ACTION ITEM: In the entries below, repeat only the lines between those holding "上海华通现货白银定盘价、贵金属报价(2025-08-28)" and "Что касается обучение, отзывы", inclusive. Leave pictures out.

(Recorded data)
____

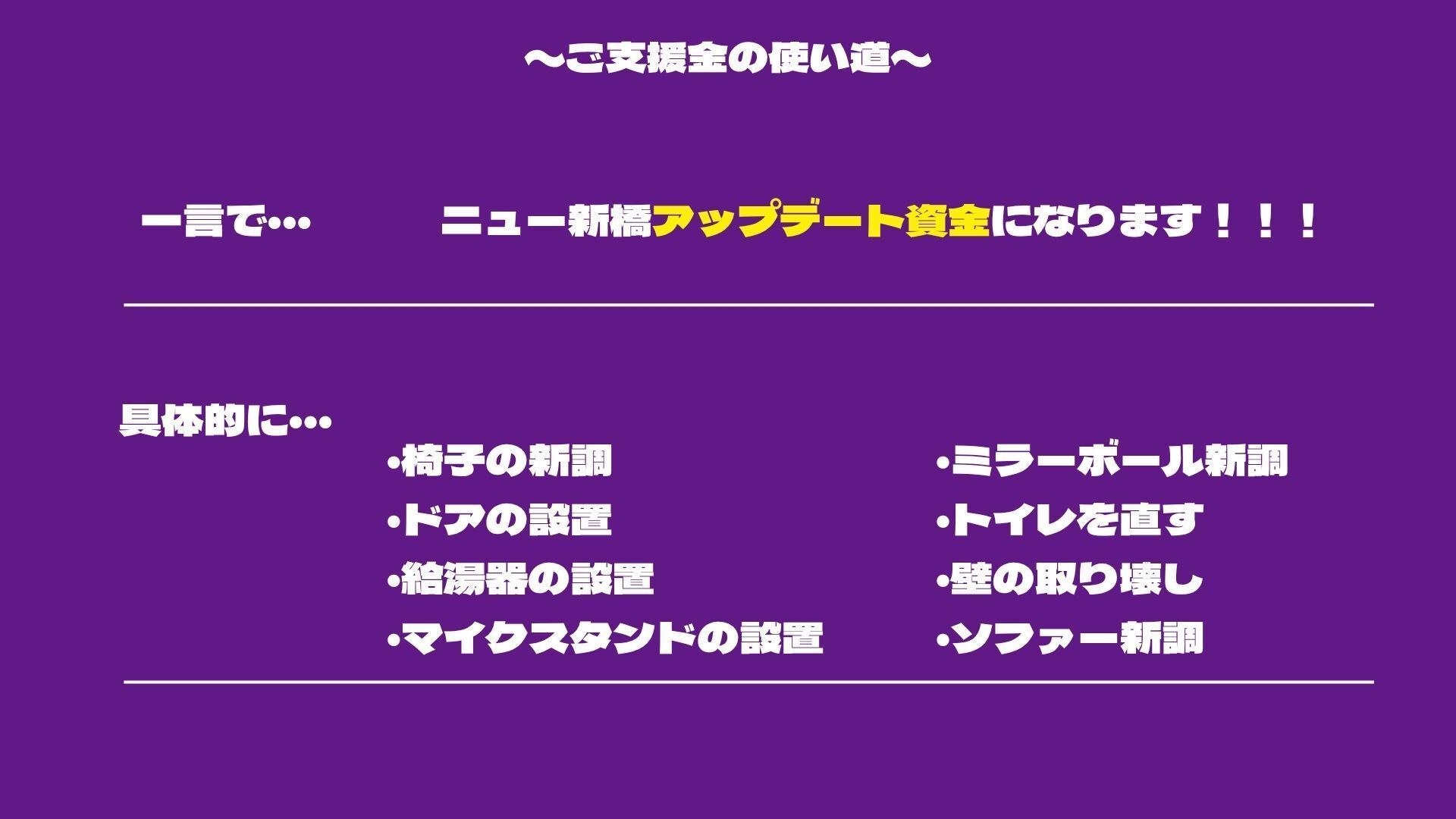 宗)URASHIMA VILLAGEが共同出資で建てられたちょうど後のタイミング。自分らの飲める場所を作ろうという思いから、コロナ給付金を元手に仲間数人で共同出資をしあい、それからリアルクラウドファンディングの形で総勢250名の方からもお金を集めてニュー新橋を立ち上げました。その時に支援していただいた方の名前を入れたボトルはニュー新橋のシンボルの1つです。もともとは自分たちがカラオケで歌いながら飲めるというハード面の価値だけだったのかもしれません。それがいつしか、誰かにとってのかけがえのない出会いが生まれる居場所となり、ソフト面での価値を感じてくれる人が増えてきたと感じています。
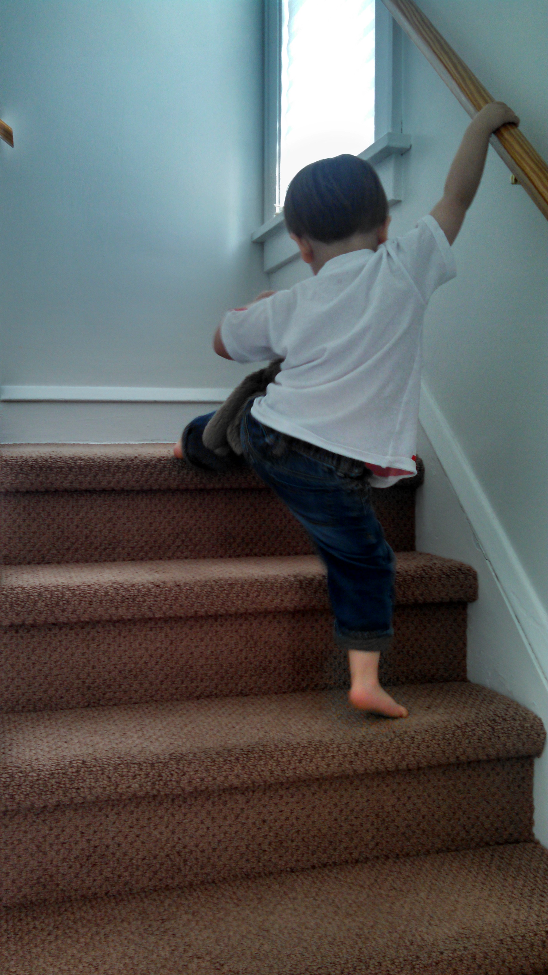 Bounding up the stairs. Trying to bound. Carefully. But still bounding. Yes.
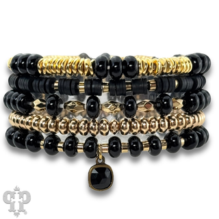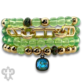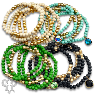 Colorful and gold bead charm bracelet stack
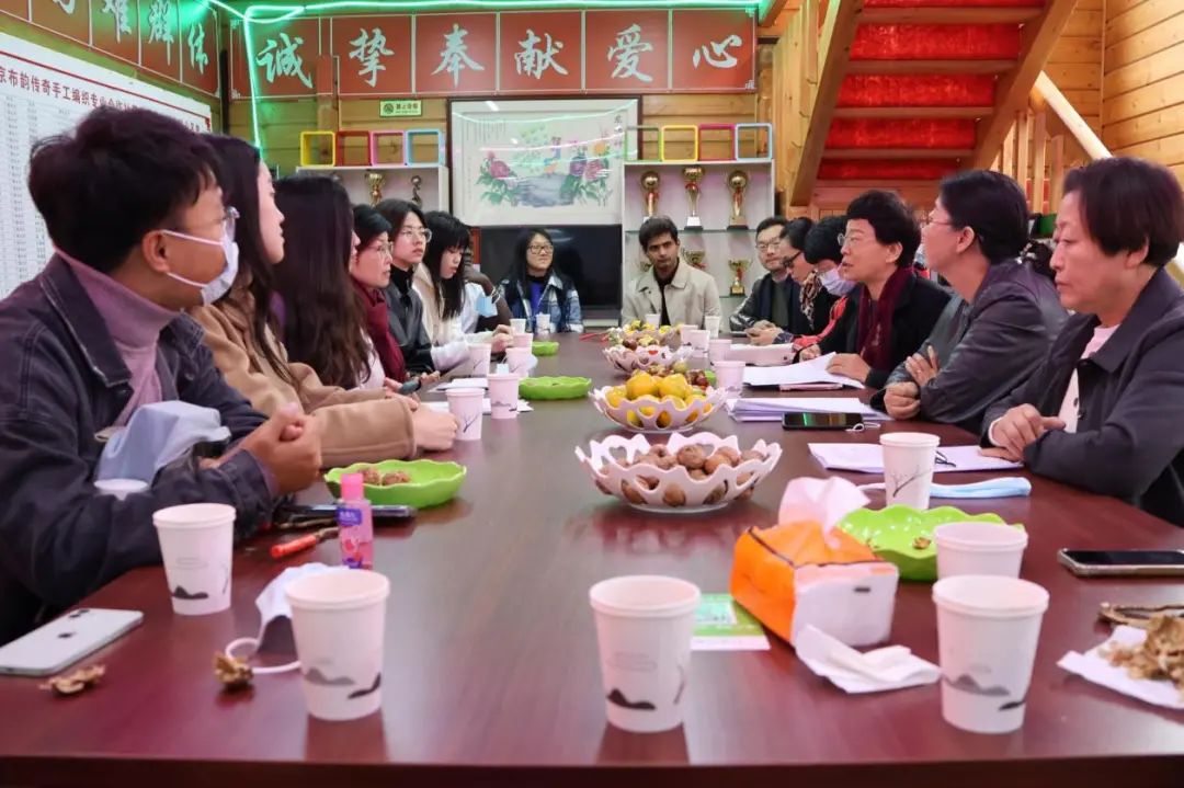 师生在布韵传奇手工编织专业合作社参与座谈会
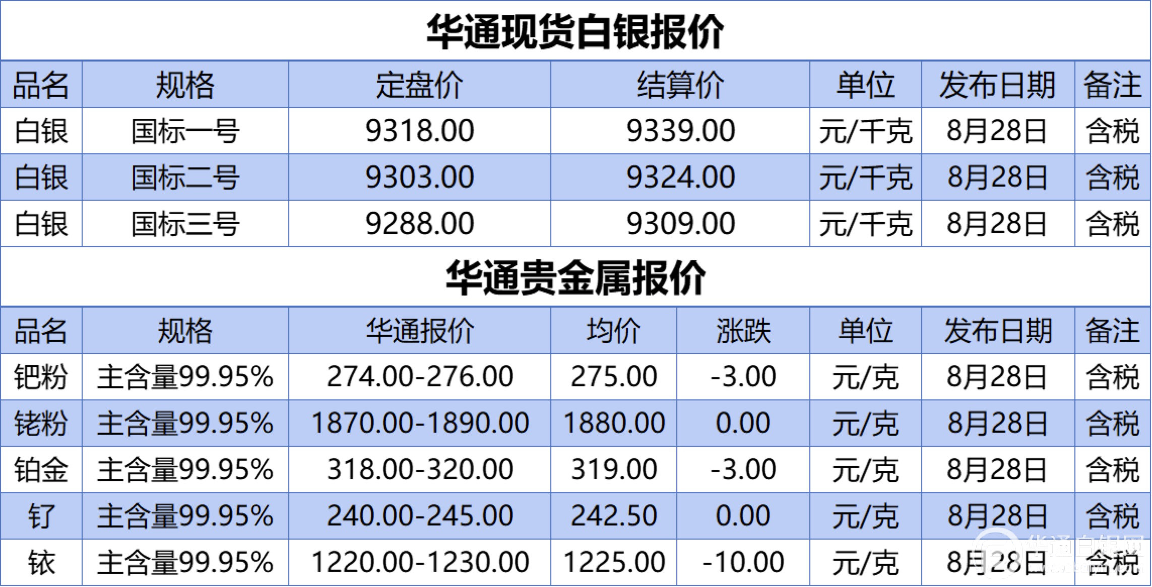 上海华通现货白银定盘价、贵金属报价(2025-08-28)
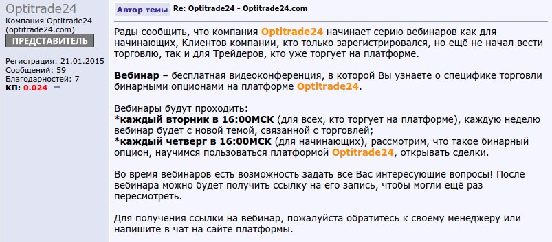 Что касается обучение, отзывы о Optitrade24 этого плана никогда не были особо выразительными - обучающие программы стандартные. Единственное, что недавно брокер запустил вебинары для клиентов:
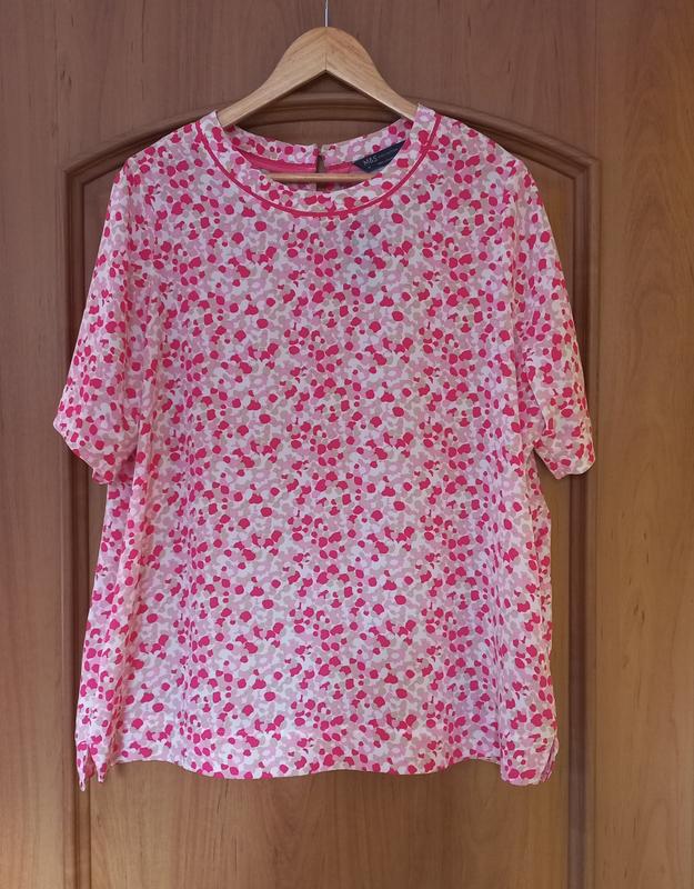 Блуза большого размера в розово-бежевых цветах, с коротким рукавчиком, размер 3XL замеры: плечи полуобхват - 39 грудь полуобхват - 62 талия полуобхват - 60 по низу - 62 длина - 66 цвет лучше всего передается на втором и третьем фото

____

ANSWER TO THIS EXERCISE:
 上海华通现货白银定盘价、贵金属报价(2025-08-28)
 Что касается обучение, отзывы о Optitrade24 этого плана никогда не были особо выразительными - обучающие программы стандартные. Единственное, что недавно брокер запустил вебинары для клиентов:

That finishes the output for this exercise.